そう思って僕はプロゲーマーになったわけだけど、結局のところゲームの娯楽っていうのは一時的なものに過ぎないからね。
なんというか、根本から変えていきたいね。皆が常に笑顔でいられるようなそんな社会にできたらいいと思う」
どうしたらそうなるのか具体的にはまだ分からないけどな……。
「なるほど……そういったことが出来るようになると良いですね。でも、きっと虻輝様ならできるようになると思いますよ」
「……そうだと良いんだけどね。中々それが難しいんだよ。どうしたらいいか分からないからね」
「そうですよね……具体的に皆さんを常に笑顔に、そして幸せにする方法なんて――ある意味洗脳や薬物みたいなあまりよろしくない方法しかないですからね」
「そうだねぇ、それなら言い方を変えるかな。どんな人間でも生きる価値があるという希望のある世界にしたいという感じかな」
「確かに、現在の日本でも自殺者は減少傾向にありますけどいまだに世界トップレベルの年間自殺者数は記録していますからね。

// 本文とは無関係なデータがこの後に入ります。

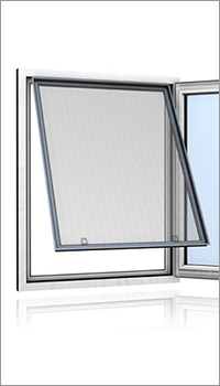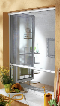 Moustiquaire pour fenêtre normale. La toile est cachée dans un caisson équipé d’un ressort pour la montée et la descente.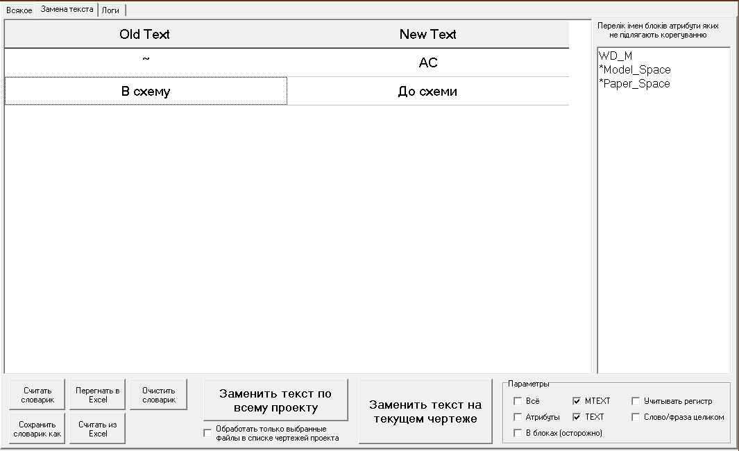 Чтобы игнорировать дополнительные блоки, справа от таблицы словаря предусмотрено текстовое поле, куда можно внести их названия. При обработке чертежа такие блоки будут пропущены.
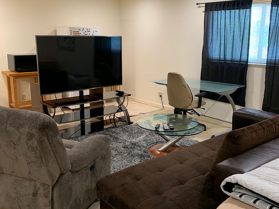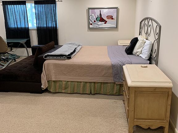 Cute efficiency apt on second floor above garage, approximately 20' x 20' with full bathroom and kitchenette. The efficiency is furnished including comfortable kingsize bed and 65"television. Lots of closet space - see photos. Great Boca location near Town Center Mall. Private entrance on ground level. Walk up stairs to the apartment. Back yard has Picturesque pool on lakefront with gas grill to be shared. Off street driveway parking space for one car. Utilities: internet, electricity, water and trash INCLUDED. Own central AC unit. Small , well behaved pet will be considered. First, last and security. Should be available Feb.02,2022. Must have good references and credit score. NO SMOKERS PLEASE! NO SMOKING. Requesting first, last and security to move in. Can be paid in 2 payments. Minimum 7 month lease. Month to month after. Owner pays all utilities and internet. Must like dogs. I have friendly Staffordshire terrier.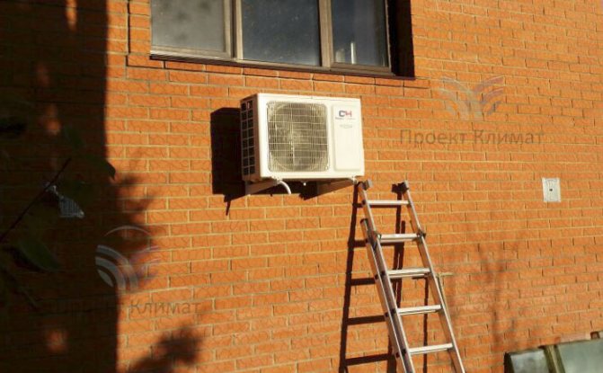 Препоръчително е да инсталирате външното тяло на няколко метра от входа на вилата и далеч от прозорците; не забравяйте за шума, произвеждан от вентилатора.

生きている価値があると皆さんが思えたら自殺者もいなくなるのではないでしょうかね」
「う、うん……」
自殺者が多いのは、“犯罪者となった人”が献体をしたくない人が絶望して命を絶っているのが多いと以前聞いたことがある。僕も一翼を担っているわけだが……。
「あ、着きましたよ。頑張ってくださいね」
気が付けば本社最上階のエントランスに着陸していた。雑談をしていたらあっという間という感じがした。

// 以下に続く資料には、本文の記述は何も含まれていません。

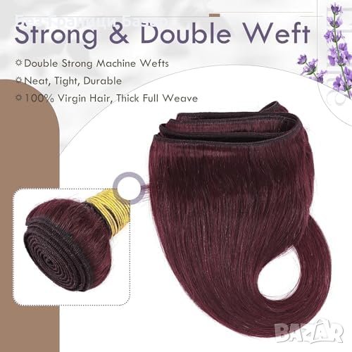 Нови Естествени Удължения за Коса 7A, 100г, Винено Червено треса

虻利家はその“洗脳”に近い方法と人体実験を行うことで神に近づこうとする方策を取っている。僕はそんな方法ではなく“本当の幸せ”とは何か? それを知りたい。
「なぁ美甘……」
「どうかされました」
「聞いてくれてありがとな。少しは気が晴れたよ」
僕は車を降りながら美甘に握手を求めた。美甘は突然の僕の行動に戸惑いながらも握手をしてくれた。

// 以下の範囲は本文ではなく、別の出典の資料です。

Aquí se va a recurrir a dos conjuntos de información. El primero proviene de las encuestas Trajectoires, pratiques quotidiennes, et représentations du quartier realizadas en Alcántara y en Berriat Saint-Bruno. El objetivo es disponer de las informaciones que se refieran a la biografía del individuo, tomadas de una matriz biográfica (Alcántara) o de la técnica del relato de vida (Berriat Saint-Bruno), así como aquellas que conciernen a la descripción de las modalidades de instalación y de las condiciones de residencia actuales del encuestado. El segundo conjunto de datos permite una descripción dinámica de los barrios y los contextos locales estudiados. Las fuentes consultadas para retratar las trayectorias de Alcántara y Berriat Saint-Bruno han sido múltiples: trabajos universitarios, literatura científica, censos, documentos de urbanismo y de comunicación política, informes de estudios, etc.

「いえいえ、結局問題は解決されていないようなので……こんな会話で少しでもお役に立てたなら何よりです」
確かに何も解決はしていないのだが、絶対的に気が楽になったとは言える。
少なくとも玲姉とまどかと言い合っていた時と比べたら、少し俯瞰して物事を見ることが出来、晴れやかな気分と言える。
僕は今現在、お世辞以外では全くもって「ありがとう」と言われる存在ではないとは思う。でも、せめて受けた恩に対して最低限「ありがとう」と言っていかないとな。